# Gonna be harder to get ammo !



## Bulldawg (Dec 3, 2007)

http://http://www.arizonadailyindependent.com/2013/11/03/last-primary-american-lead-smelter-closing/

Its only going to get tougher now guys !


----------



## supercanoe (Jun 12, 2006)

I can't open the page. What is it about?


----------



## garhtr (Jan 12, 2009)

http://www.arizonadailyindependent.com/2013/11/03/last-primary-american-lead-smelter-closing/ I think this might work. EPA--- Evil or Good ?


----------



## Sharp Charge (Jun 24, 2009)

Not really. I read something recently that none of the bullet makers use primary lead, they all use recycled lead. Most of the recycled stuff comes from old car batteries. I'll see if I can find the link and repost it.

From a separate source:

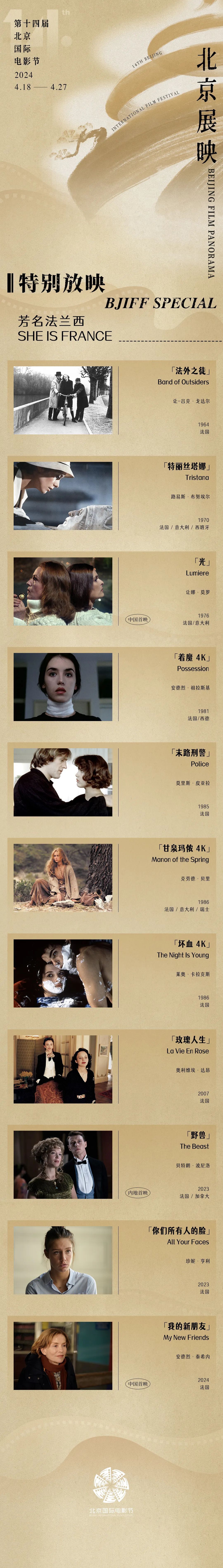 今年是中法两国建交60周年,在这60年间,电影一直以来都是两国文化交流的重要媒介与纽带。在第十四届北京国际电影节,展映单元以时间为轴,遴选出自中法建交至今最具代表性的法国女演员,每人一部代表之作,为大家倾情奉上“芳名法兰西”单元。

Edit: found it. http://www.washingtontimes.com/news...ter-closing-will-not-affect-ammunit/?page=all


----------



## JimmyMac (Feb 18, 2011)

It doesn't really effect anything.


----------



## joebertin (Mar 26, 2010)

Any change in supply will have some kind of impact:

http://www.shoshonenewspress.com/columns/article_0ed28fe4-52e6-11e3-8475-0019bb2963f4.html


----------